Tuesday, October 02, 2007

Reader's Diary #297- Tim Lilburn: Kill-Site (FINISHED!)











I have to say, I'm not a big fan of surrealistic art. Most likely this stems from my University days when just about all my friends had a poster of Dali's "Persistence of Memory" on their walls. Maybe I just got sick of it, or maybe I thought Dali had more of a point than "Hey, look, I've tried acid." In any case, it's given me a bit of a grudge against the whole movement.

That resistance on my part made it hard for me to open up to Tim Lilburn's Kill-Site. At first everything seemed disconnected and worse, nonsensical: random images melting together with a facade of higher meaning.

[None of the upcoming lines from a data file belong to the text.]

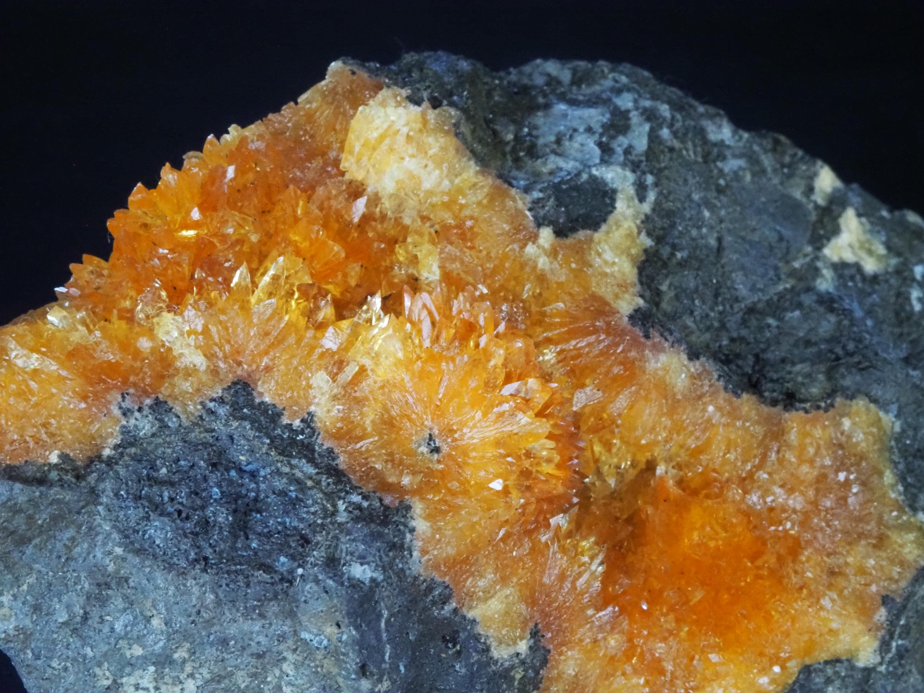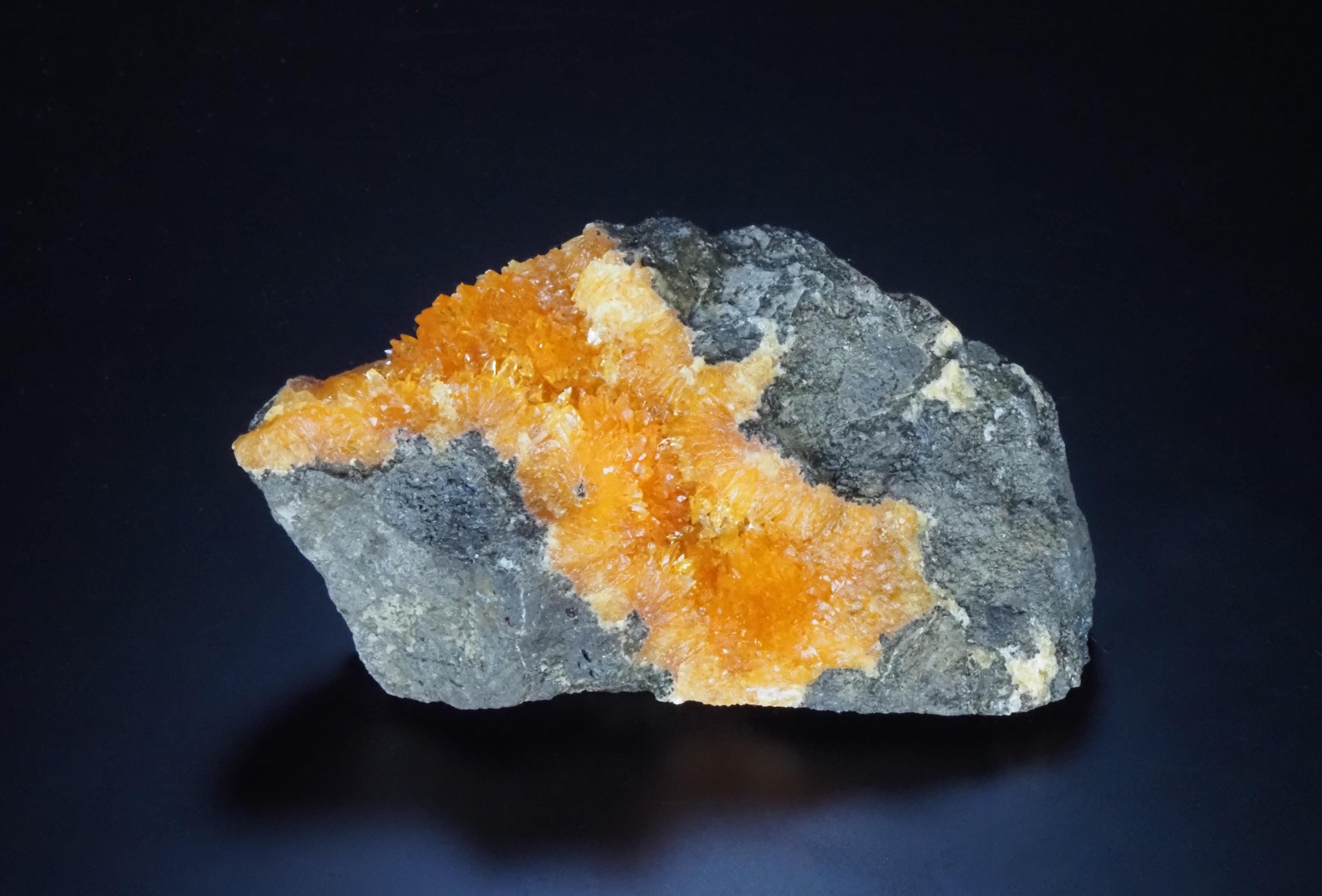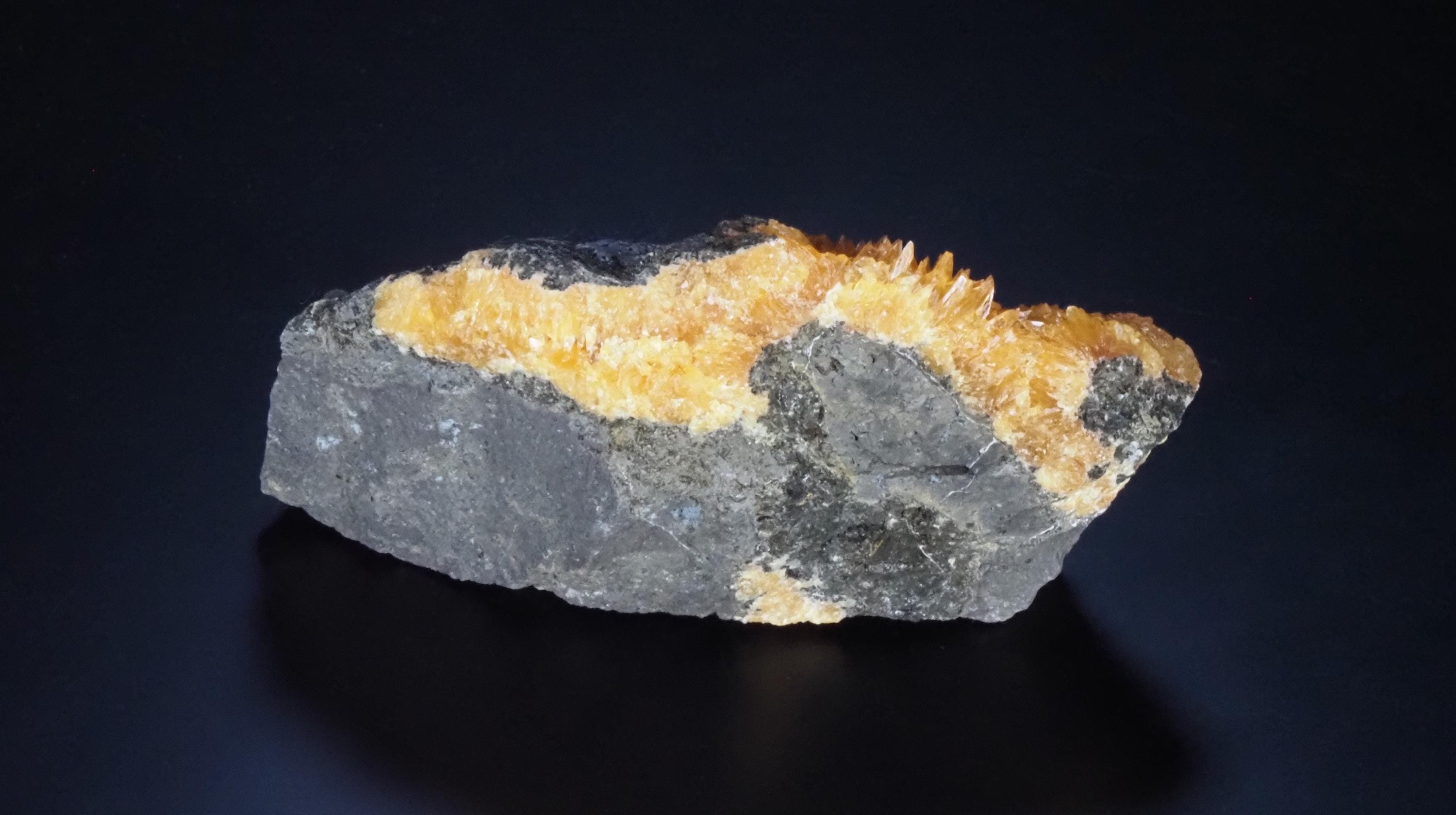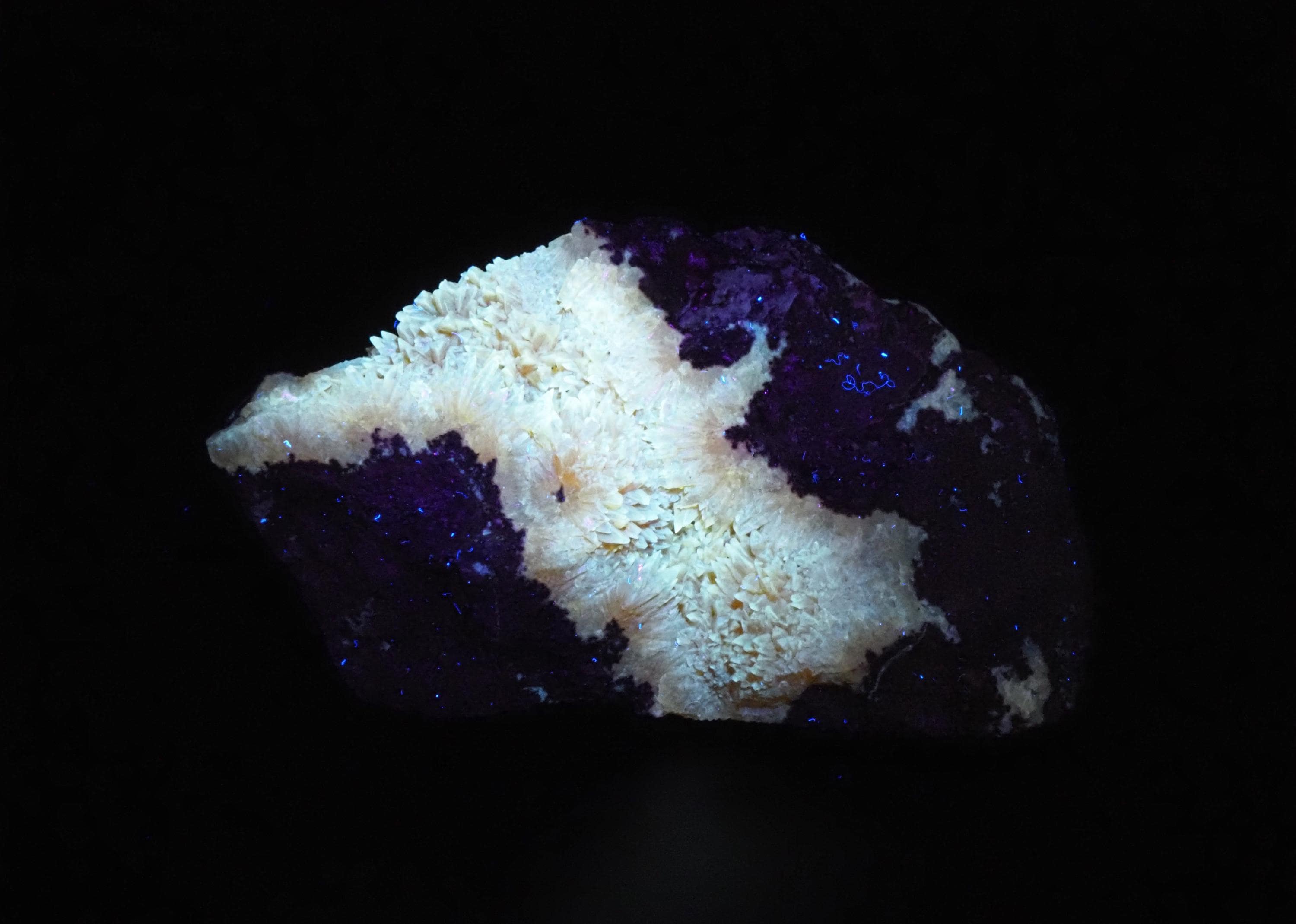 CALCITE - fluorescent in long wavesBasalt Quarry, Grabiszyce, PolandSize - 7,8 x 3,5 x 3,0 cmWeight - 94 g
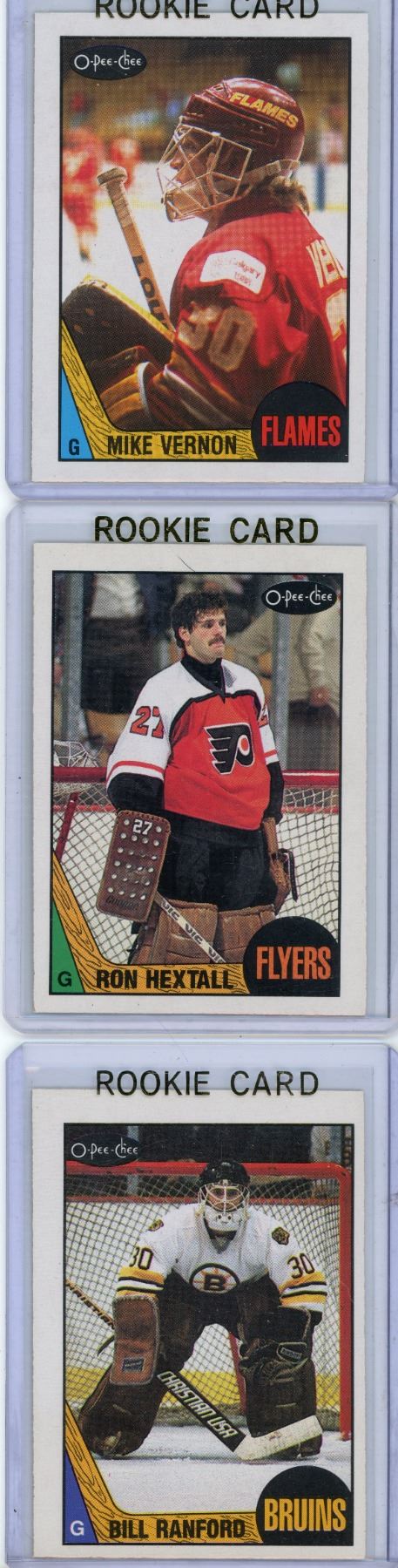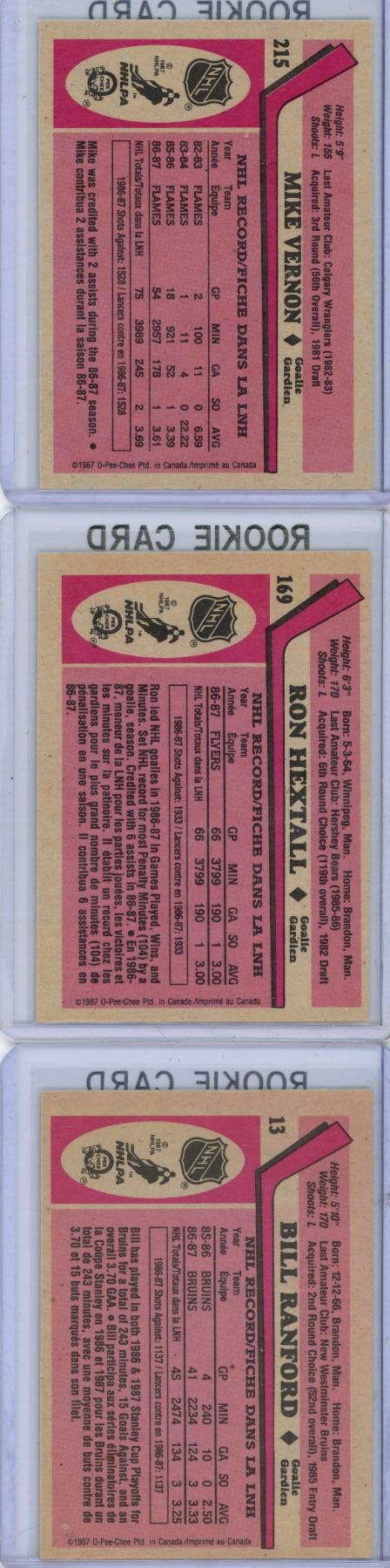 3 1987-88 OPC goalie rookie cards vemon #215 hertall #169 ronford #13
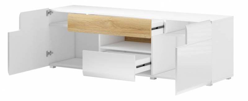 Wir präsentieren Ihnen den TV-Schrank Toledo 2 – die perfekte Wahl für jedes moderne Wohnzimmer, die ästhetische Attraktivität und Praktikabilität vereint. Seine Maße von 159x39,3x47 cm sind ideal für kleinere und größere Wohnzimmer, in denen Sie ein elegantes und aufgeräumtes Ambiente schaffen möchten.
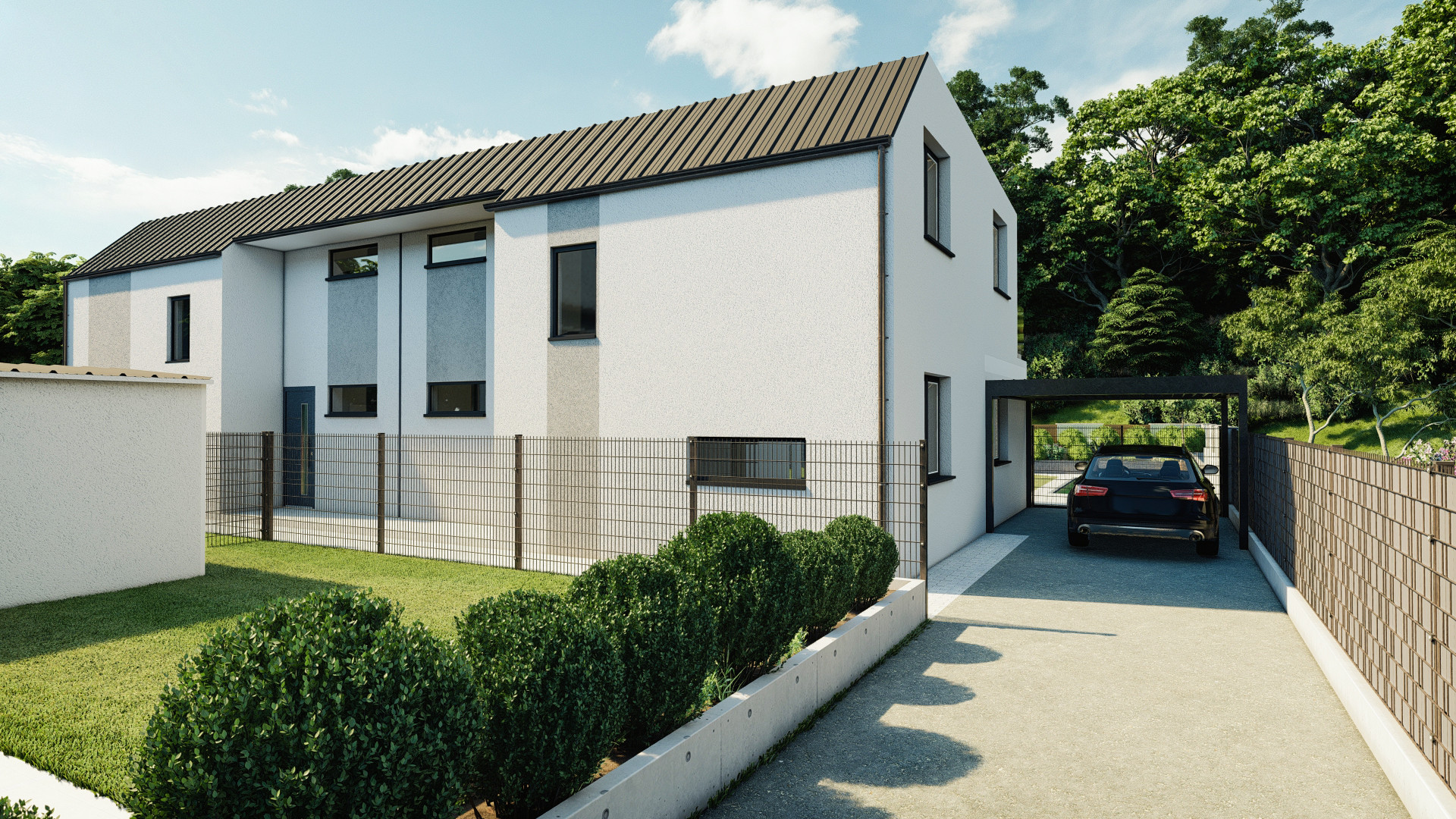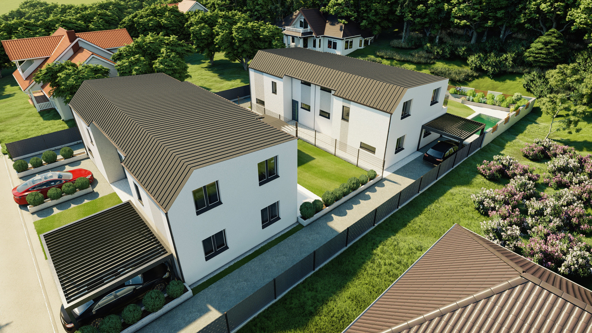 Nestled in the countryside, this project features two modern duplexes, each comprising two identical units. The homes share a cohesive aesthetic with clean white facades, contrasting brown roofs, and thoughtfully designed front yards. Each unit includes its own dedicated parking space, seamlessly integrated into the landscape.
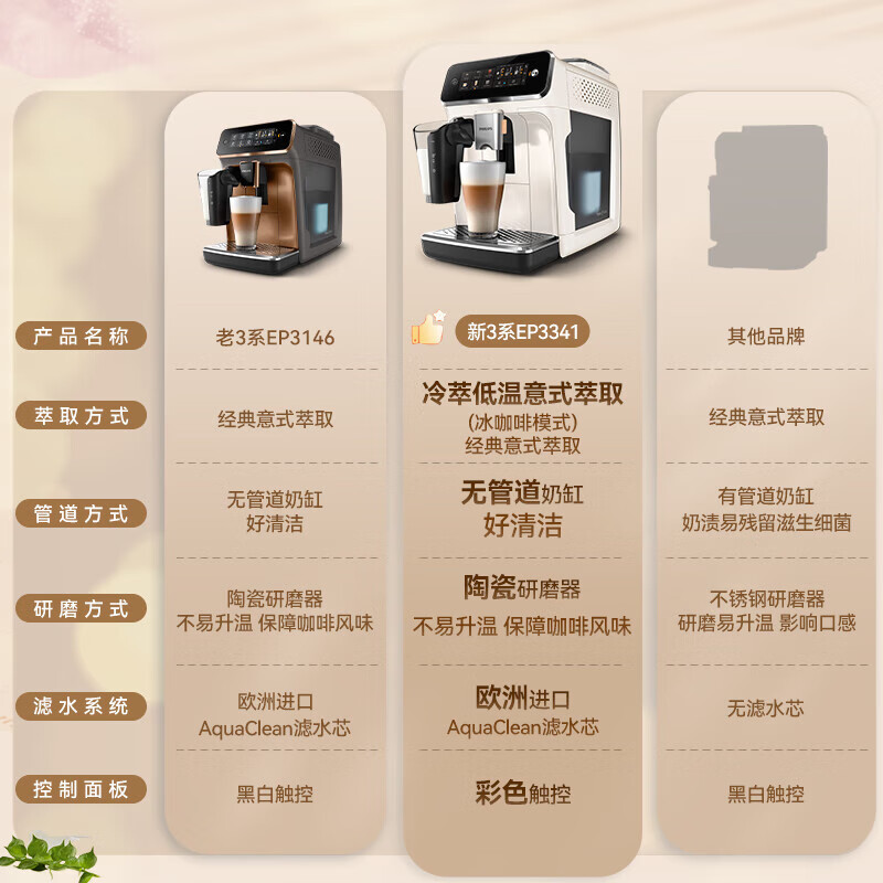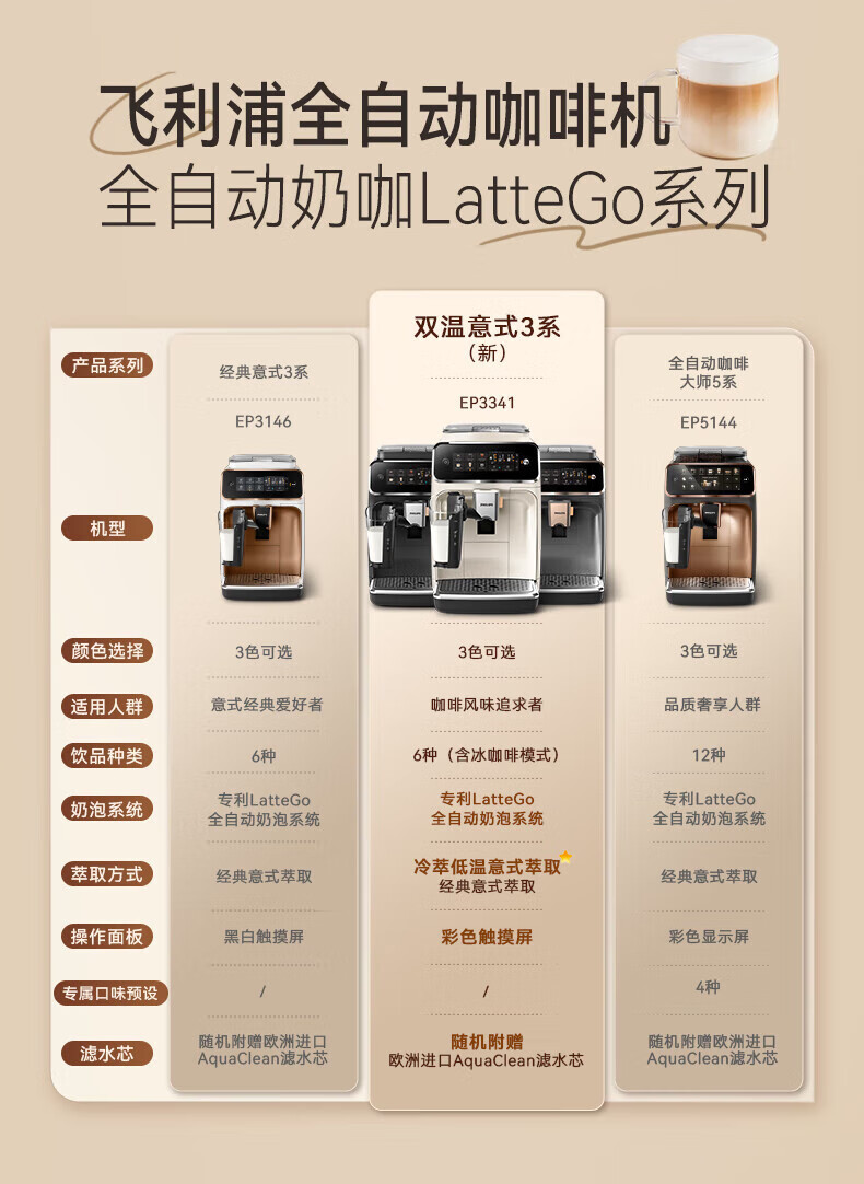 家用电器  > 厨房小电  > 咖啡机及周边配件  >  飞利浦/PHILIPS  >  飞利浦云朵咖啡机新3系EP3341/62家用/办公室全自动意式浓缩萃取研磨一体 送礼推荐 EP3341/台
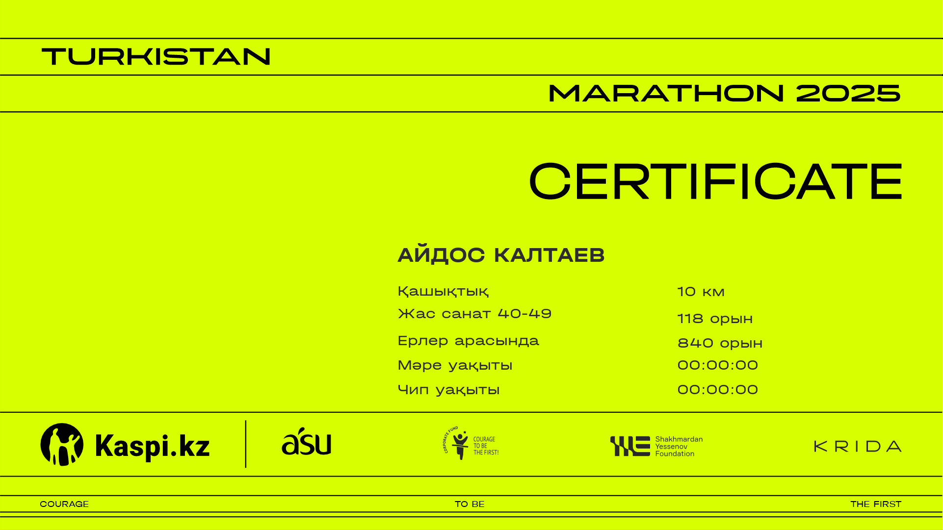 | 729 | Кайыржан Абенов | ![]() | Туркестан | 2130 | 01:04:10 | 01:03:27 | Жүктеп алу | |
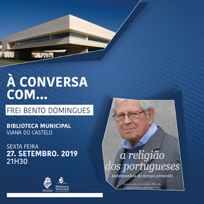 No próximo dia 27 de Setembro (2019), sexta feira, às 21.30 horas, na Sala Couto Viana da Biblioteca Municipal de Viana do Castelo, vamos estar à conversa com FREI BENTO DOMINGUES a propósito do seu mais recente livro intitulado "A Religião dos Portugueses".

Fortunately, as if often the case, many poems grew on me enough to at least enjoy them on some level. The images were pretty wild and often contrasted nicely. Plus, there was a wonderful sense of rhythm that complemented or set the mood. I'd be lying if I said I understood what Lilburn was getting at in most cases. Still, I liked the blending of thoughts with the external world, the body with the Earth and so on. Physical distinctions were kept in tact, while the metaphysical divisions were blurred:


I was in the ground and the animal came to me wearing signs.
It came out of the water moaning in stone
-from "There"

In the end, they felt like fun diversions into psychedelia but nothing more.

Those were the good ones. Too often however, I couldn't even connect with them on that level. Lilburn is a name-dropper of the worst sort. Old philosophers, religious persons, mythological beings, and mostly characters I just have no idea who they were, appear in almost every other poem. Likewise with locales. These left me totally confused and distanced. I'm still a little astounded that such an esoteric mess could win the Governor General awards. Must be a pretty smart bunch of judges.

2 comments:

Barbara Bruederlin said...

It sounds as though these poems were a little on the precious side.

John Mutford said...

Barbara: Some had a bit of an edge to them, enough to knock them out of the precious category, but not far.